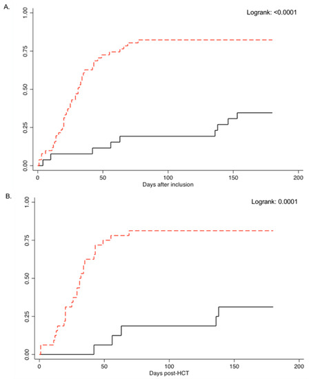 - Yong, M.K.; Ananda-Rajah, M.; Cameron, P.U.; Morrissey, C.O.; Spencer, A.; Ritchie, D.; Cheng, A.C.; Lewin, S.R.; Slavin, M. Cytomegalovirus Reactivation Is Associated with Increased Risk of Late-Onset Invasive Fungal Disease after Allogeneic Hematopoietic Stem Cell Transplantation: A Multicenter Study in the Current Era of Viral Load Monitoring. Biol. Blood Marrow Transplant. 2017, 23, 1961–1967. [Google Scholar] [CrossRef]
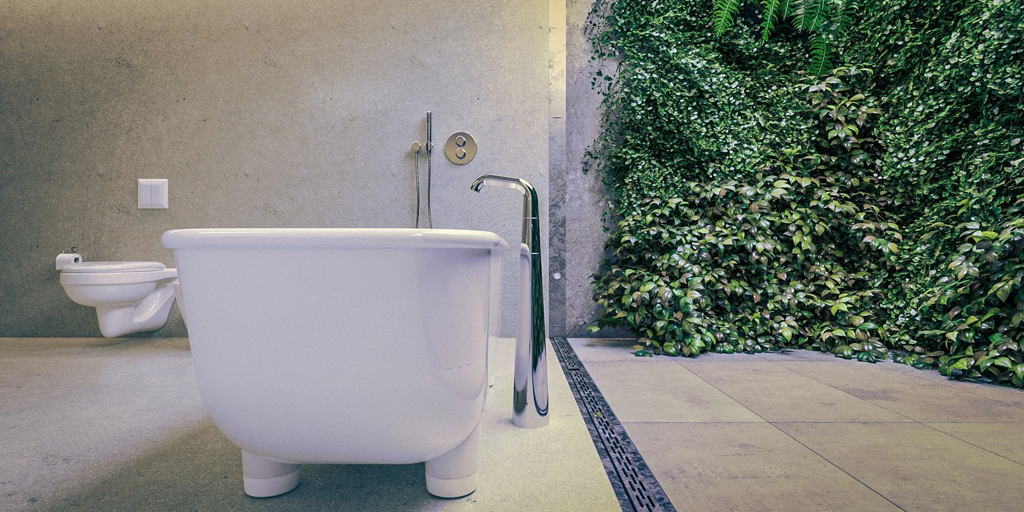 A simple open plan bathroom with generous proportions to make the space flexible and filled with light whislt being private.
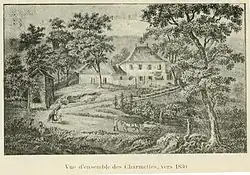 In 1728, a young Jean-Jacques Rousseau fled a watch-making apprenticeship in nearby Geneva and took refuge with Françoise-Louise de Warens, or Madame de Warens, who became his mistress and mentor. They first resided in the city of Annecy before moving on to Chambéry. Madame de Warens - whom Rousseau affectionately referred to as maman (mother) - was 13 years Rousseau's senior. From the summer of 1736, Rousseau and maman moved into a country house called Les Charmettes in the neighborhood of Chambéry. Located in the hollow of a wooded valley, Les Charmettes figures prominently in Rousseau's Confessions (Books V and VI). According to him, his short sojourn at Les Charmettes constituted "the short period of my life's happiness" and was instrumental in the development of his love of nature and the simple country life.[1] During the revolutionary and subsequent Romantic periods, Les Charmettes became a symbol of Rousseau's revolutionary thought as well as a shrine attracting such literary and political celebrities as George Sand and Alphonse de Lamartine. In 1905 Les Charmettes was classified an historical monument by the French government. The house and its grounds are now a museum open to the public.

## ABOUT THIS TASK
Keeping both end lines, retype exactly the lines from the first line of the material through the line that contains "A simple open", but not the pictures.

## ANSWER TO THIS TASK
 - Yong, M.K.; Ananda-Rajah, M.; Cameron, P.U.; Morrissey, C.O.; Spencer, A.; Ritchie, D.; Cheng, A.C.; Lewin, S.R.; Slavin, M. Cytomegalovirus Reactivation Is Associated with Increased Risk of Late-Onset Invasive Fungal Disease after Allogeneic Hematopoietic Stem Cell Transplantation: A Multicenter Study in the Current Era of Viral Load Monitoring. Biol. Blood Marrow Transplant. 2017, 23, 1961–1967. [Google Scholar] [CrossRef]
 A simple open plan bathroom with generous proportions to make the space flexible and filled with light whislt being private.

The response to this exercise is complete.